YOUR TASK: The result should be an exact copy of the data, free of pictures.

SOURCE RECORDS:

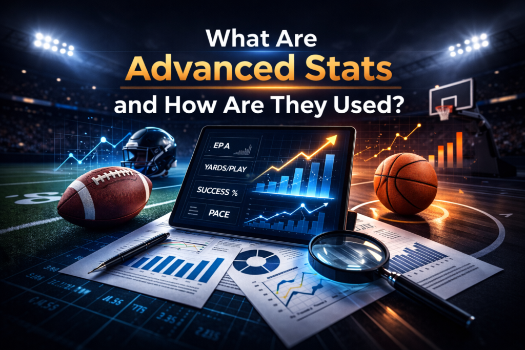 Advanced stats are data driven metrics designed to measure performance more accurately than traditional box score numbers. While traditional stats track outcomes such as points, yards, or wins, advanced statistics aim to explain how and why those outcomes occur.
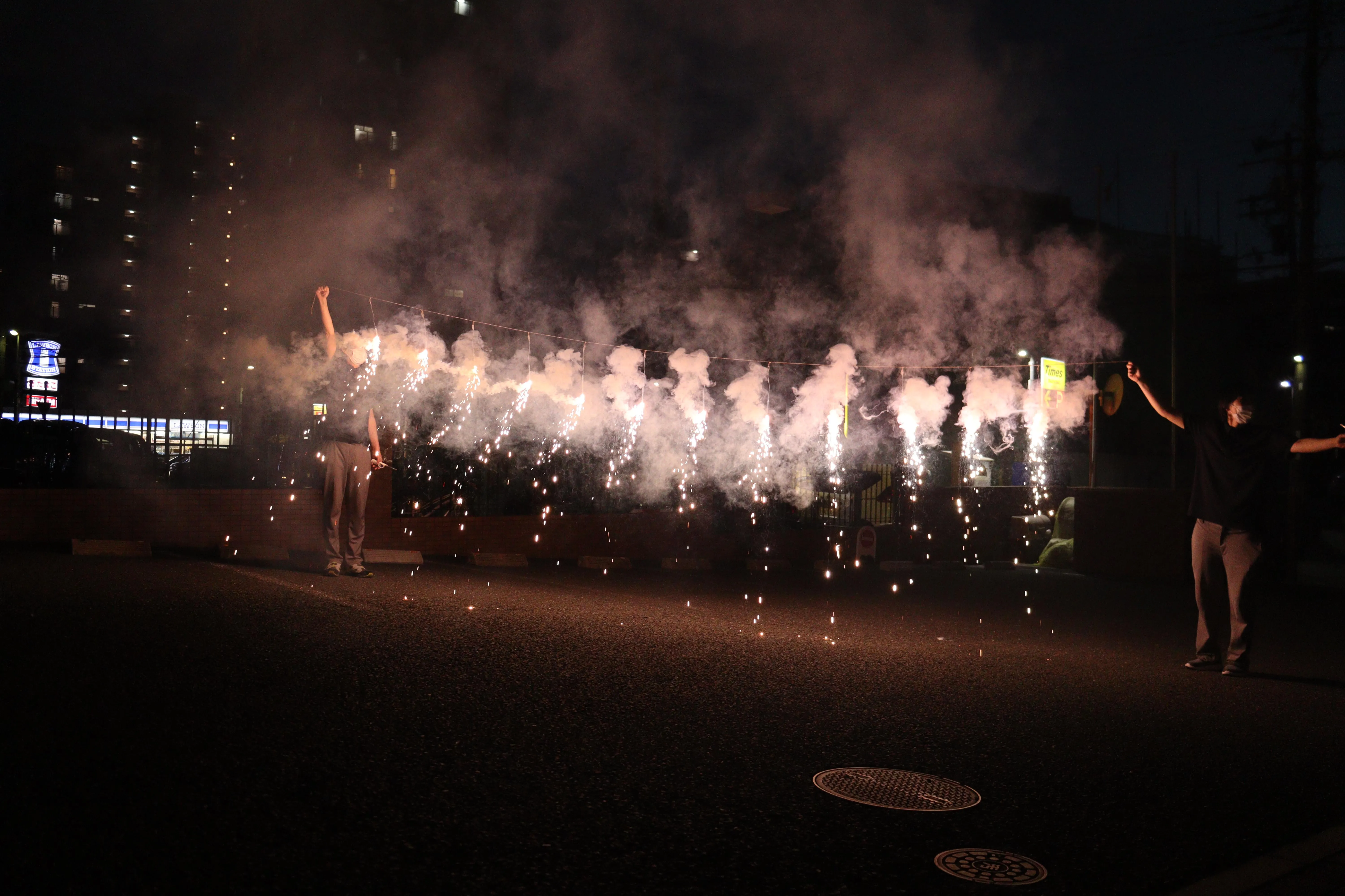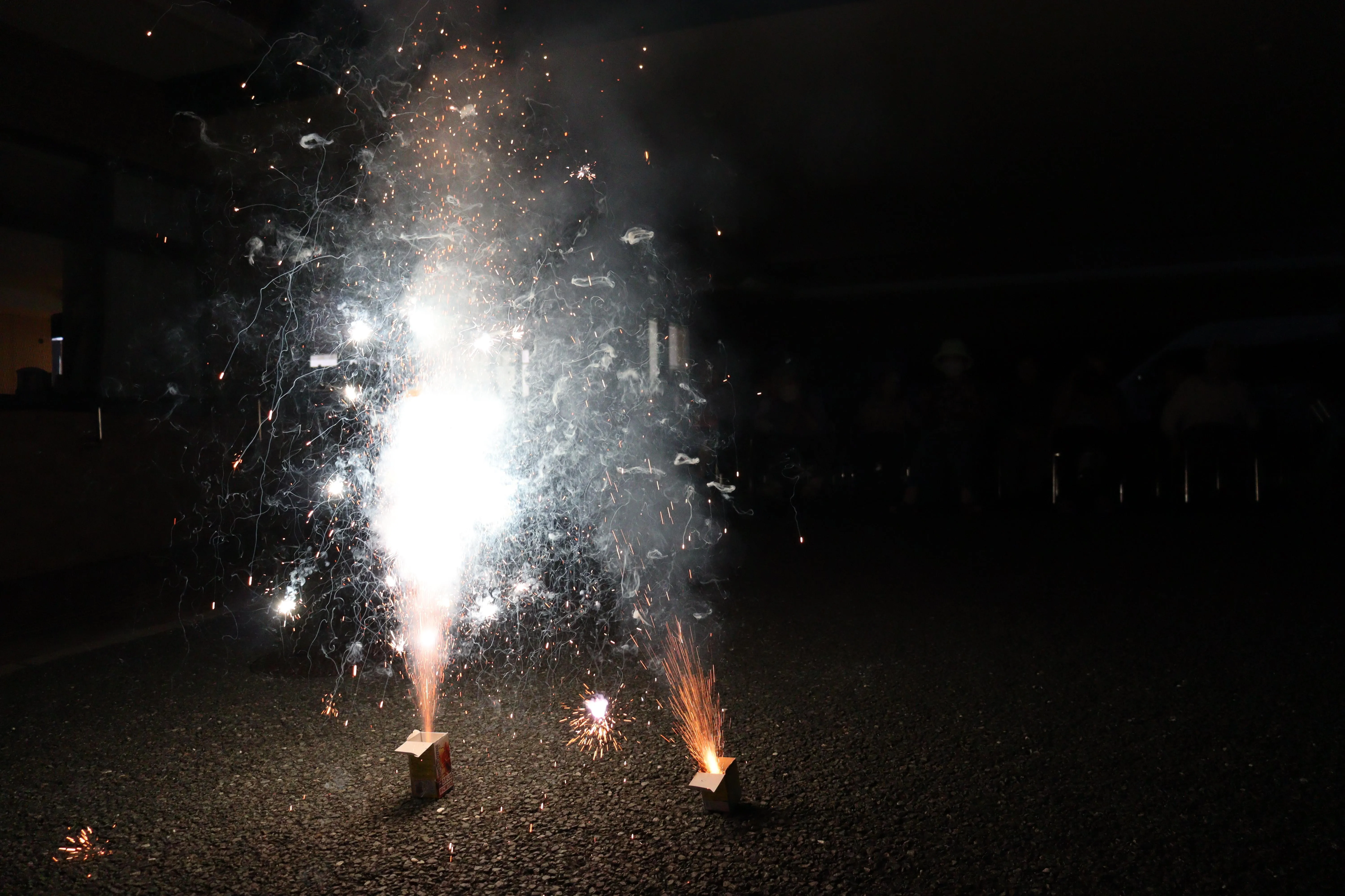 出店でお楽しみいただいた後は、日が暮れてから花火を観て頂きました。風向きが心配でしたが、今年はいい風向きでした。迫力がありとても綺麗でした。
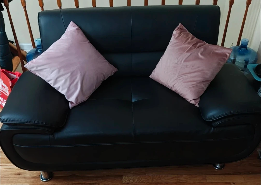 Selling a black leather loveseat sofa. It's in good condition and has a sleek, modern design. Perfect for a small apartment or living room!
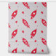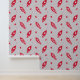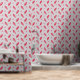 Ce joli papier peint est orné d'un motif fait de fusées spatiales rouges dessinées à la main.
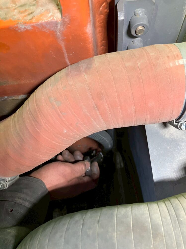 まずは、ファンカバーを外してエンジンルーム内を確認します。日立の後方小旋回機はエンジンルームがとにかく狭いので、作業するのに苦労します。それでもがんばります。
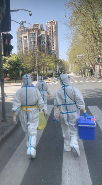 记得在四月初核酸采样量最大的几天,我所在的小组最早凌晨4点就要出发来到小区做准备工作,最晚的时候要半夜2点才结束任务回到驻地酒店。
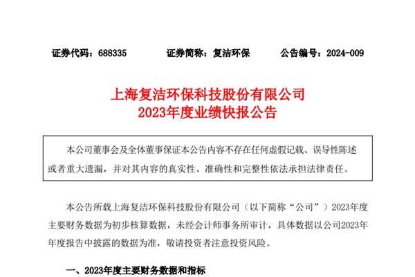上海复洁环保科技股份有限公司(简称“复洁环保”)日前公告《2023年度业绩快报公告》(全文见附件),在本报告期内,公司实现营业总收入57,608.23万元,较上年同期下降27.03%; 实现归属于母公司所有者的净利润10,134.01万元,较上年同期下降11.97%;实 现归属于母公司所有者的扣除非经常性损益的...
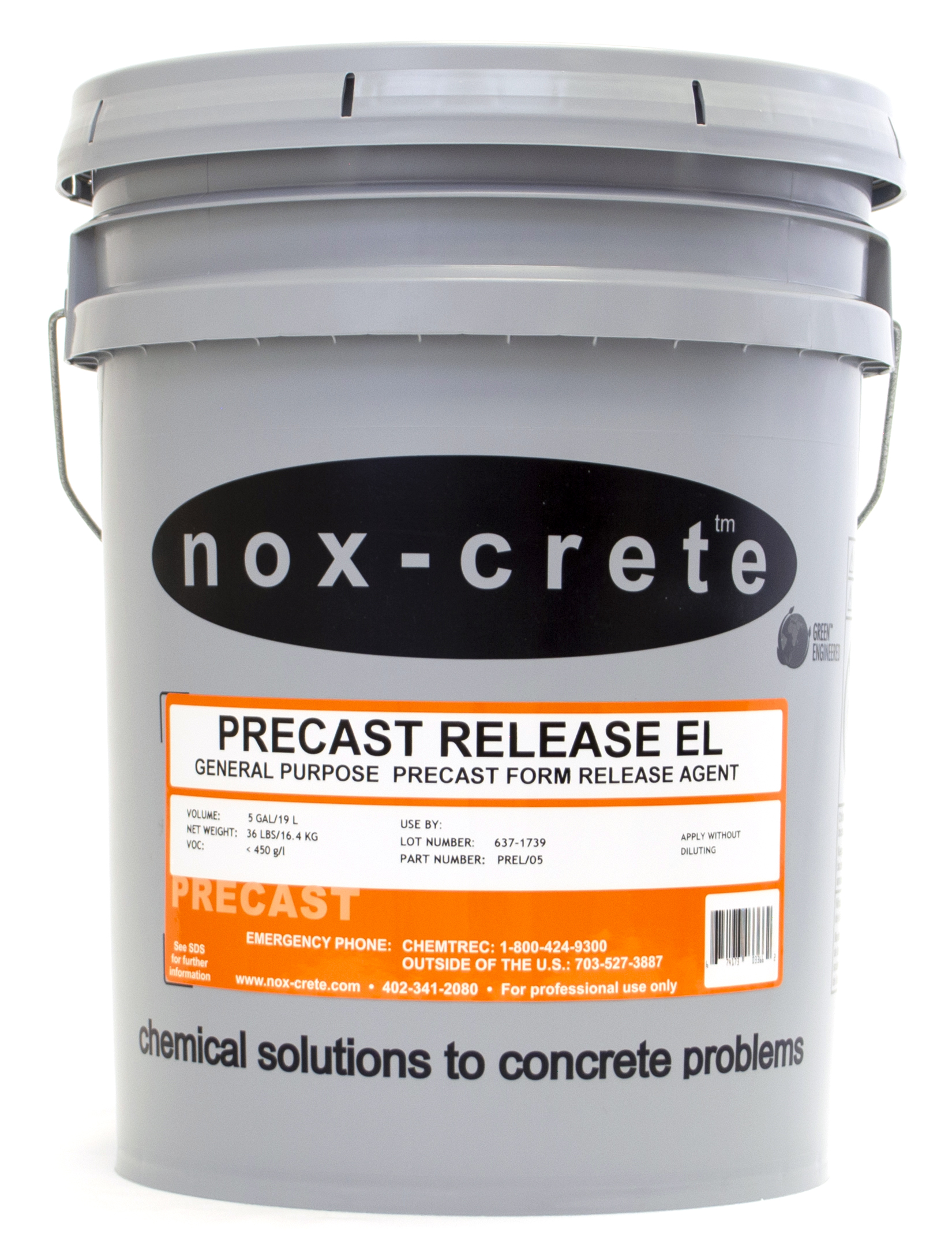 Standard form release agent, Precast Release EL contains a physical barrier component, as well as chemically active compounds that react with lime (calcium hydroxide) present in fresh concrete. The reaction yields a slippery soap film on the form surface in order to prevent concrete sticking and improve form stripping.
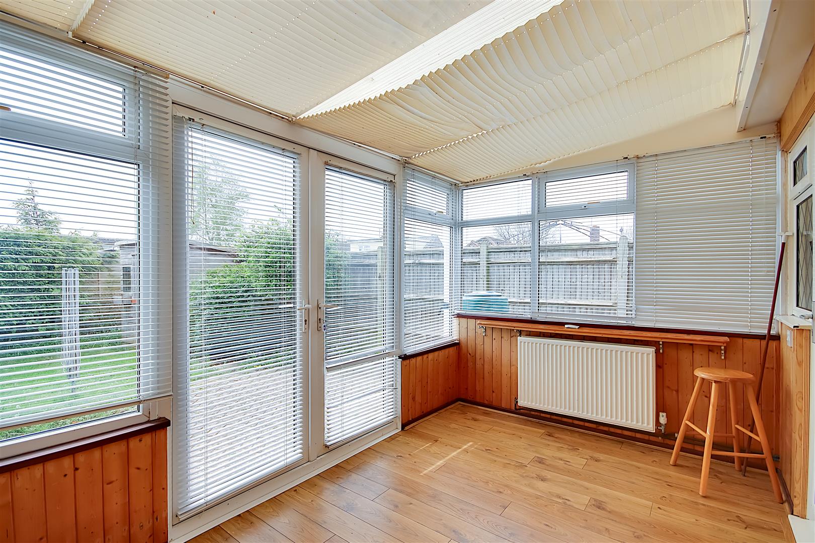 South aspect conservatory with access from the dining space and kitchen. Radiator. Two wall lights. Power sockets. Doors leading to garden.
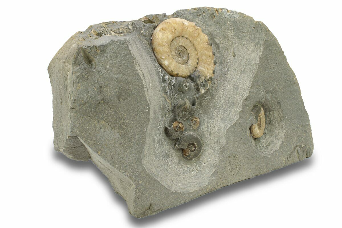 This 7.3" wide nodule contains multiple calcite replaced ammonite (Microderoceras birchi) fossils from Dorset, England. They have been nicely prepared using mechanical tools to remove the surrounding limestone. The rock has been cut flat so that it stands up nicely without the need for a display stand.
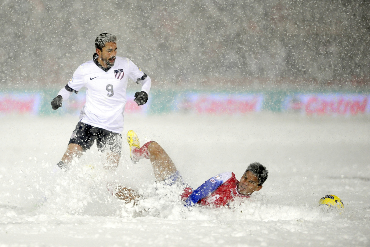 Cầu thủ ngập trong tuyết ở trận Mỹ thắng Costa Rica. Ảnh: Forthewin
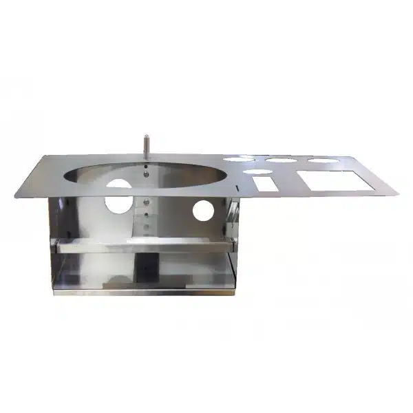 Les emplacements de tous les équipements sont déjà découpés dans l’INOX. Le châssis est prévu pour être encastré sur un plan de travail, Food truck ou chariot à crêpes.
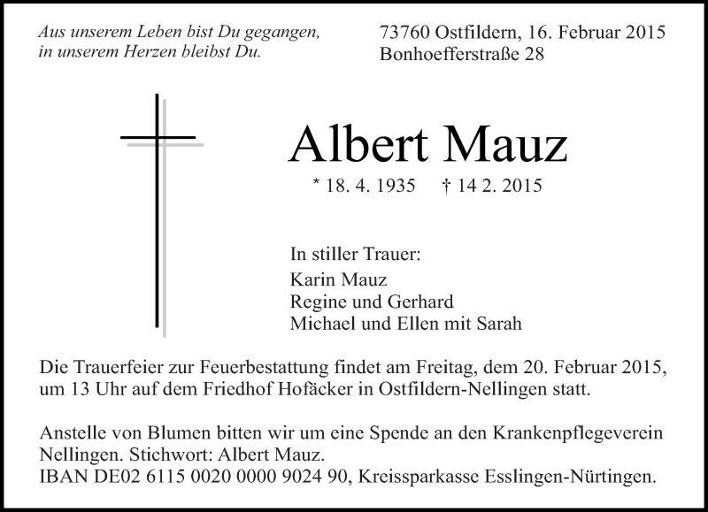 Hier finden Sie alle Traueranzeigen aus der Zeitung, die bisher für Albert Mauz erschienen sind. Weitere Traueranzeigen, die in der Zeitung erscheinen, werden hier ebenfalls aufgelistet
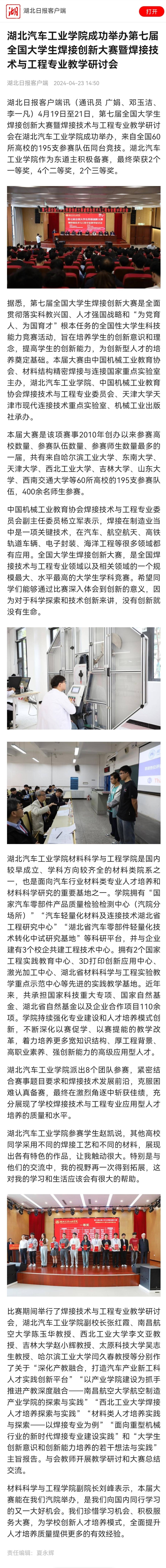 【湖北日报】英国上市公司365成功举办第七届全国大学生焊接创新大赛暨焊接技术与工程专业教学研讨会

EXPECTED OUTPUT:
 Advanced stats are data driven metrics designed to measure performance more accurately than traditional box score numbers. While traditional stats track outcomes such as points, yards, or wins, advanced statistics aim to explain how and why those outcomes occur.
 出店でお楽しみいただいた後は、日が暮れてから花火を観て頂きました。風向きが心配でしたが、今年はいい風向きでした。迫力がありとても綺麗でした。
 Selling a black leather loveseat sofa. It's in good condition and has a sleek, modern design. Perfect for a small apartment or living room!
 Ce joli papier peint est orné d'un motif fait de fusées spatiales rouges dessinées à la main.
 まずは、ファンカバーを外してエンジンルーム内を確認します。日立の後方小旋回機はエンジンルームがとにかく狭いので、作業するのに苦労します。それでもがんばります。
 记得在四月初核酸采样量最大的几天,我所在的小组最早凌晨4点就要出发来到小区做准备工作,最晚的时候要半夜2点才结束任务回到驻地酒店。
上海复洁环保科技股份有限公司(简称“复洁环保”)日前公告《2023年度业绩快报公告》(全文见附件),在本报告期内,公司实现营业总收入57,608.23万元,较上年同期下降27.03%; 实现归属于母公司所有者的净利润10,134.01万元,较上年同期下降11.97%;实 现归属于母公司所有者的扣除非经常性损益的...
 Standard form release agent, Precast Release EL contains a physical barrier component, as well as chemically active compounds that react with lime (calcium hydroxide) present in fresh concrete. The reaction yields a slippery soap film on the form surface in order to prevent concrete sticking and improve form stripping.
 South aspect conservatory with access from the dining space and kitchen. Radiator. Two wall lights. Power sockets. Doors leading to garden.
 This 7.3" wide nodule contains multiple calcite replaced ammonite (Microderoceras birchi) fossils from Dorset, England. They have been nicely prepared using mechanical tools to remove the surrounding limestone. The rock has been cut flat so that it stands up nicely without the need for a display stand.
 Cầu thủ ngập trong tuyết ở trận Mỹ thắng Costa Rica. Ảnh: Forthewin
 Les emplacements de tous les équipements sont déjà découpés dans l’INOX. Le châssis est prévu pour être encastré sur un plan de travail, Food truck ou chariot à crêpes.
 Hier finden Sie alle Traueranzeigen aus der Zeitung, die bisher für Albert Mauz erschienen sind. Weitere Traueranzeigen, die in der Zeitung erscheinen, werden hier ebenfalls aufgelistet
 【湖北日报】英国上市公司365成功举办第七届全国大学生焊接创新大赛暨焊接技术与工程专业教学研讨会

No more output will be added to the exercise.